##### Listed records #####

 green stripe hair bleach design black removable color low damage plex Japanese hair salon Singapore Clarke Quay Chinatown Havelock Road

#####
##### Listed records #####

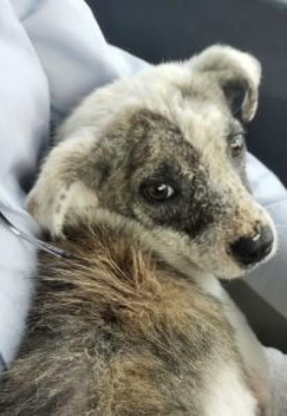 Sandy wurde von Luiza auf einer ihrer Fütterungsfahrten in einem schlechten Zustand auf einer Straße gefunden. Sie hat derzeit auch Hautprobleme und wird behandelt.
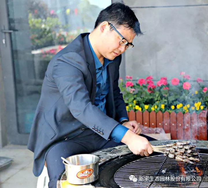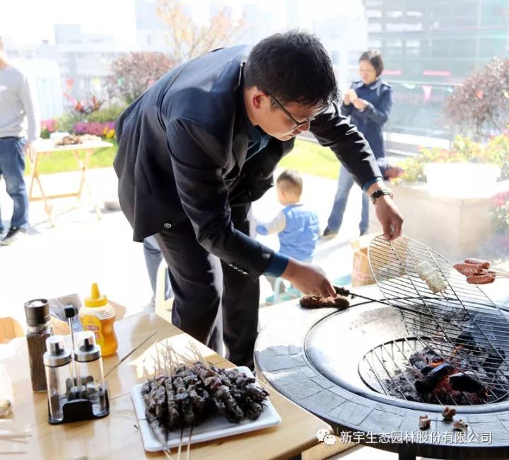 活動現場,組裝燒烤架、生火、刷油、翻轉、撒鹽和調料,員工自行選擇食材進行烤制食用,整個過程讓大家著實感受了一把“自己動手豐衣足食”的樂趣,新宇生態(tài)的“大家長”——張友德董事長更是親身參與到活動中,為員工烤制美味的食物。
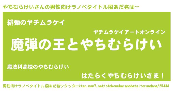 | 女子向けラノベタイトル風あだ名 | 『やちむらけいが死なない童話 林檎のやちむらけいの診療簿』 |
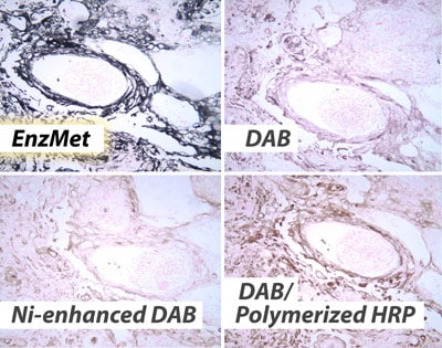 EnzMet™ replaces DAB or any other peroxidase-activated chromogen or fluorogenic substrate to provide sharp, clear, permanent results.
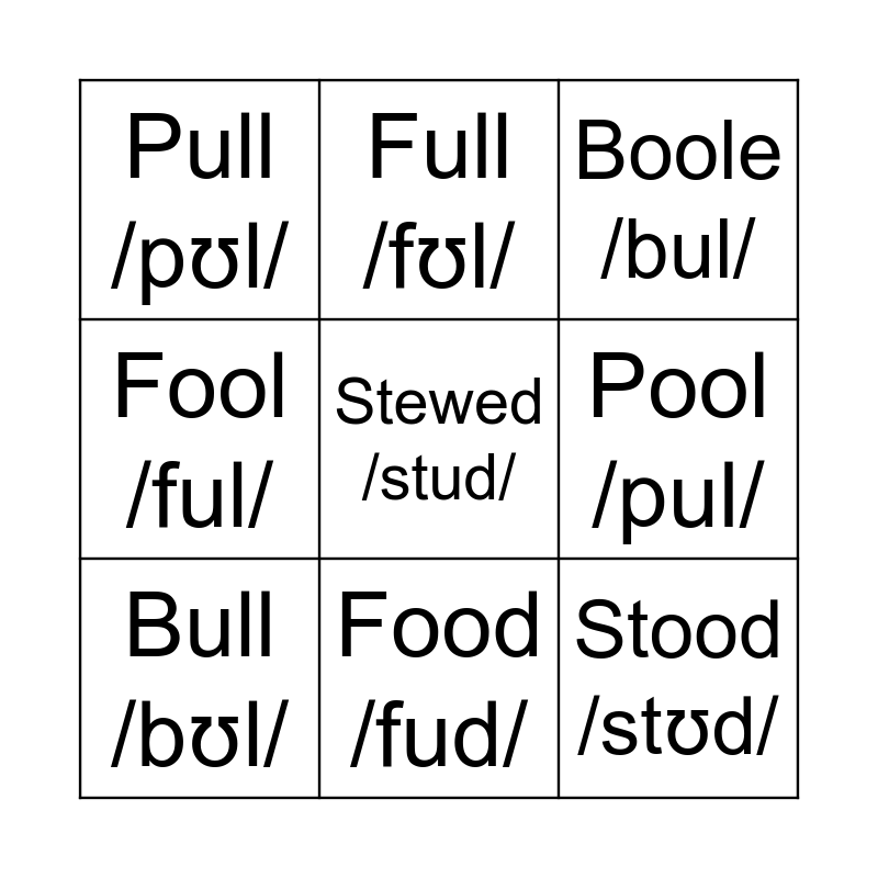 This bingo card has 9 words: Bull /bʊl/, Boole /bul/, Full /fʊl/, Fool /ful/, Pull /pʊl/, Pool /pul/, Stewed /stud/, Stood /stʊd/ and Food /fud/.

#####

» What to do
Copy only the lines above from the one containing "活動現場,組裝燒烤架、生火、" through the one containing "This bingo card", both included. Leave out the pictures.

» Exercise output
 活動現場,組裝燒烤架、生火、刷油、翻轉、撒鹽和調料,員工自行選擇食材進行烤制食用,整個過程讓大家著實感受了一把“自己動手豐衣足食”的樂趣,新宇生態(tài)的“大家長”——張友德董事長更是親身參與到活動中,為員工烤制美味的食物。
 | 女子向けラノベタイトル風あだ名 | 『やちむらけいが死なない童話 林檎のやちむらけいの診療簿』 |
 EnzMet™ replaces DAB or any other peroxidase-activated chromogen or fluorogenic substrate to provide sharp, clear, permanent results.
 This bingo card has 9 words: Bull /bʊl/, Boole /bul/, Full /fʊl/, Fool /ful/, Pull /pʊl/, Pool /pul/, Stewed /stud/, Stood /stʊd/ and Food /fud/.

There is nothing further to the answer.